▶ _Supplied material_:
.....

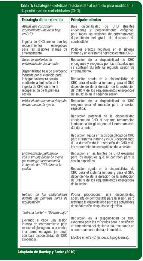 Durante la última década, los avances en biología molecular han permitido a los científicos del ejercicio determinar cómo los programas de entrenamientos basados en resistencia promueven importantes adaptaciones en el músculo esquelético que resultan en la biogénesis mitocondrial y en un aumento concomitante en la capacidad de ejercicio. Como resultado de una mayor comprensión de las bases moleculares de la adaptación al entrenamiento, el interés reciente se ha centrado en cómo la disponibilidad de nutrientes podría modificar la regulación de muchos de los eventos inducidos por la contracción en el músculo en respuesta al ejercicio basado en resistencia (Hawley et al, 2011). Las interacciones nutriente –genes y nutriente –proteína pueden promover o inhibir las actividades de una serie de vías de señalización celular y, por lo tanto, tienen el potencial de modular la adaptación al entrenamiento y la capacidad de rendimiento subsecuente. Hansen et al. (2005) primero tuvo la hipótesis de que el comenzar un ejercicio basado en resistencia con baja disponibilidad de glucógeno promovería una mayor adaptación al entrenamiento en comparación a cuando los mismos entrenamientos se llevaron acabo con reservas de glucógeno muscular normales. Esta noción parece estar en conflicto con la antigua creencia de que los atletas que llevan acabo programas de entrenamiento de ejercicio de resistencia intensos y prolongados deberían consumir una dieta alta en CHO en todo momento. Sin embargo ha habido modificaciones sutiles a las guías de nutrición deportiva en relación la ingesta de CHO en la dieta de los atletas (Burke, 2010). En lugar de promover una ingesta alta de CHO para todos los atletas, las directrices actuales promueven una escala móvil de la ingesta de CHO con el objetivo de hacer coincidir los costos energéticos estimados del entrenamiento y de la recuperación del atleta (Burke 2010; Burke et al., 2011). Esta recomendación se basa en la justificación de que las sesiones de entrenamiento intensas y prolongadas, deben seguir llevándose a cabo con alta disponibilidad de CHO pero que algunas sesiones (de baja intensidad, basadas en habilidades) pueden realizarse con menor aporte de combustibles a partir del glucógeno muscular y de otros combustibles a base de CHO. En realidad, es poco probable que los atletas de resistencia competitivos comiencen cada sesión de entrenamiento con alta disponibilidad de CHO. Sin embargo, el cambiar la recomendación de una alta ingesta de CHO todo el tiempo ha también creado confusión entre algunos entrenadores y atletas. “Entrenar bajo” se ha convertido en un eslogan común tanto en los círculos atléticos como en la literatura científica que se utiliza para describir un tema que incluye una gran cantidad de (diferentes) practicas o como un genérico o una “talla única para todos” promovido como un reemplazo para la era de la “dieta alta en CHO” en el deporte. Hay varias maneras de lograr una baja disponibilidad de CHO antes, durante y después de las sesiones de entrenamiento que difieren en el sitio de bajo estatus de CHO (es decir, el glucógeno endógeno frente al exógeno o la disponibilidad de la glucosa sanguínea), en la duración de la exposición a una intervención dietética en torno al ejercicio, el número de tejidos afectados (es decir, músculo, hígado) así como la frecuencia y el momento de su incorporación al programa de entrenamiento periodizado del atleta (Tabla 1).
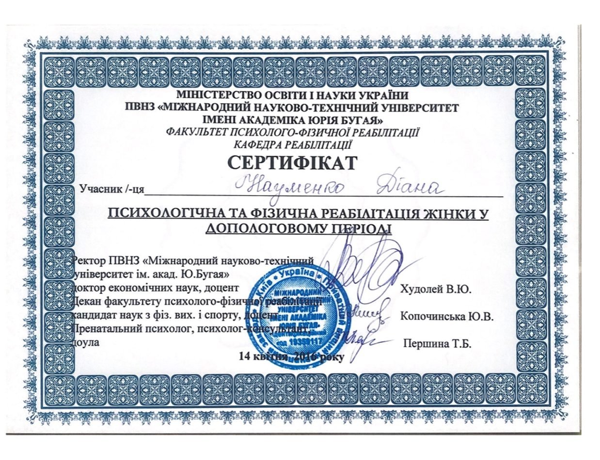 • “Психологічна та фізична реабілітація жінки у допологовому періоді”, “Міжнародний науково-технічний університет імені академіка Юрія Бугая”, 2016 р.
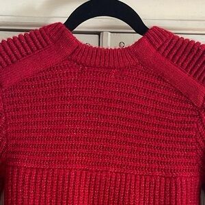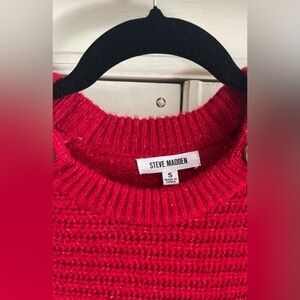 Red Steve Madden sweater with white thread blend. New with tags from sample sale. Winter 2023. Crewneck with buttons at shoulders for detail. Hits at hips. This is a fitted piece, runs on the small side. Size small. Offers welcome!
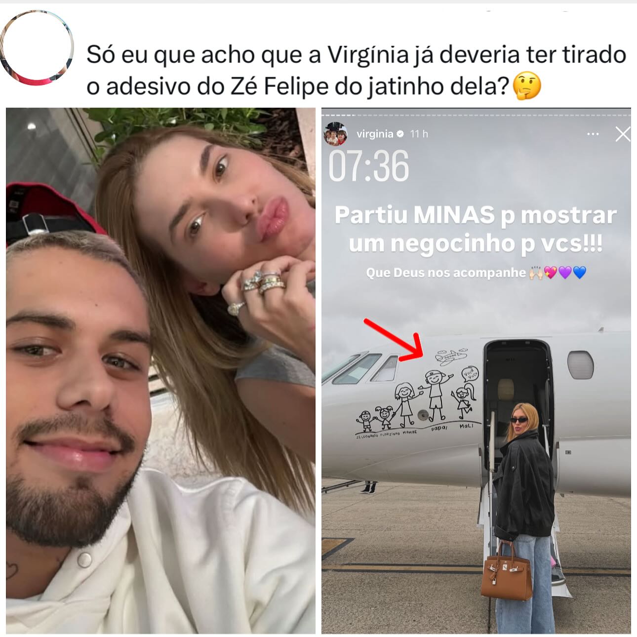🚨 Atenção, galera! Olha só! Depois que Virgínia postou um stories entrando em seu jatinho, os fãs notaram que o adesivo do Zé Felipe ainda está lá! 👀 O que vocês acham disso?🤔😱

.....

▶ _Exercise_:
Make an exact copy of the lines from the one holding "та фізична реабілітація" through the end of the material, both ends included, and keep the pictures out of it.

▶ _Exercise answer_:
 • “Психологічна та фізична реабілітація жінки у допологовому періоді”, “Міжнародний науково-технічний університет імені академіка Юрія Бугая”, 2016 р.
 Red Steve Madden sweater with white thread blend. New with tags from sample sale. Winter 2023. Crewneck with buttons at shoulders for detail. Hits at hips. This is a fitted piece, runs on the small side. Size small. Offers welcome!
🚨 Atenção, galera! Olha só! Depois que Virgínia postou um stories entrando em seu jatinho, os fãs notaram que o adesivo do Zé Felipe ainda está lá! 👀 O que vocês acham disso?🤔😱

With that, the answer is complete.